**GIVEN MATERIAL**:
........

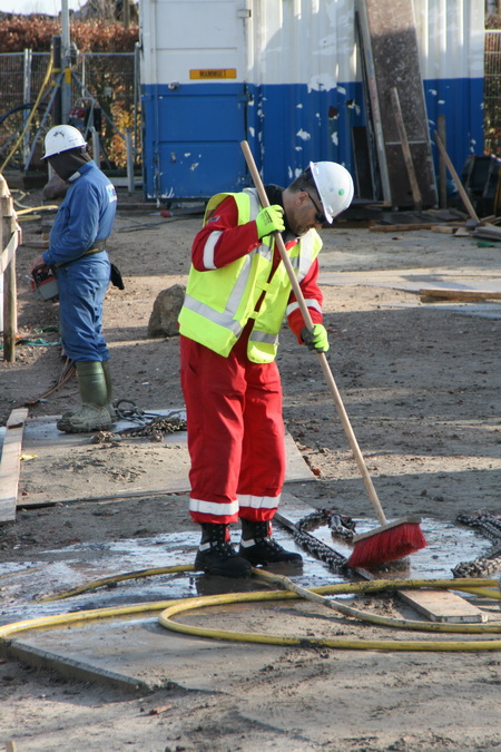 Alternatieve klus voor de kraancommandant, het hanteren van de bezem en kraanwater. De kettingen worden schoongemaakt, het weekeinde voorbereid.
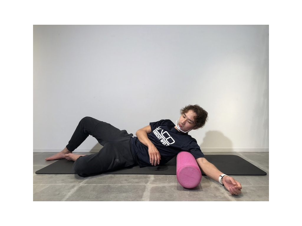 ・フォームローラーに脇の下を乗せ、上体を前後に動かす
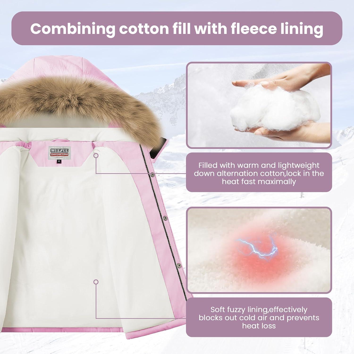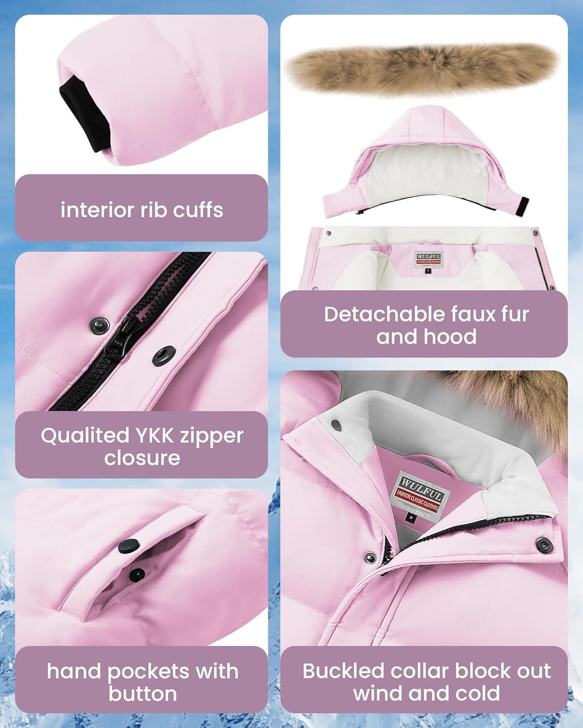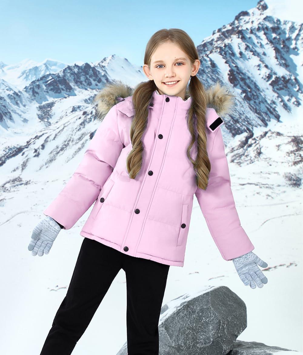 WULFUL Boy's Girls Winter Coats Waterproof Fleece Lined Puffer Jackets Kids Thicken Outerwear With Detachable Hood(Pink)
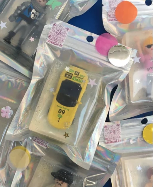 Aqua, Glycérin ( émollient d’origine végétale, colza ), Sodium cocoate ( huile de coco saponifiée ), Sorbitol ( sucre, hydratant ), Sodium stearate ( sel saponifié d’acide stéarique d’origine végétale, colza ), Butylène glycol (émollient et hydratant d’origine végétale, maïs ), Cocamidopropyl betaine ( tensioactif d’origine végétale, coco ), Sodium chloride ( sel ), Sodium citrate ( sel d’acide citrique ), Cocos nucifera oil ( huile végétale de coco ), polyglyceryl-4-oleate ( émulsifiant d’origine végétale, colza, olive ), citric acid ( acidifiant ), geraniol, linalol, jouet vintage et paillettes biodégradables ( JUST FOR FUN ! ) issues de plantes.

........

**WORK REQUEST**:
Retype the whole of the data verbatim. Skip every picture.

**SOLUTION TO THIS EXERCISE**:
 Alternatieve klus voor de kraancommandant, het hanteren van de bezem en kraanwater. De kettingen worden schoongemaakt, het weekeinde voorbereid.
 ・フォームローラーに脇の下を乗せ、上体を前後に動かす
 WULFUL Boy's Girls Winter Coats Waterproof Fleece Lined Puffer Jackets Kids Thicken Outerwear With Detachable Hood(Pink)
 Aqua, Glycérin ( émollient d’origine végétale, colza ), Sodium cocoate ( huile de coco saponifiée ), Sorbitol ( sucre, hydratant ), Sodium stearate ( sel saponifié d’acide stéarique d’origine végétale, colza ), Butylène glycol (émollient et hydratant d’origine végétale, maïs ), Cocamidopropyl betaine ( tensioactif d’origine végétale, coco ), Sodium chloride ( sel ), Sodium citrate ( sel d’acide citrique ), Cocos nucifera oil ( huile végétale de coco ), polyglyceryl-4-oleate ( émulsifiant d’origine végétale, colza, olive ), citric acid ( acidifiant ), geraniol, linalol, jouet vintage et paillettes biodégradables ( JUST FOR FUN ! ) issues de plantes.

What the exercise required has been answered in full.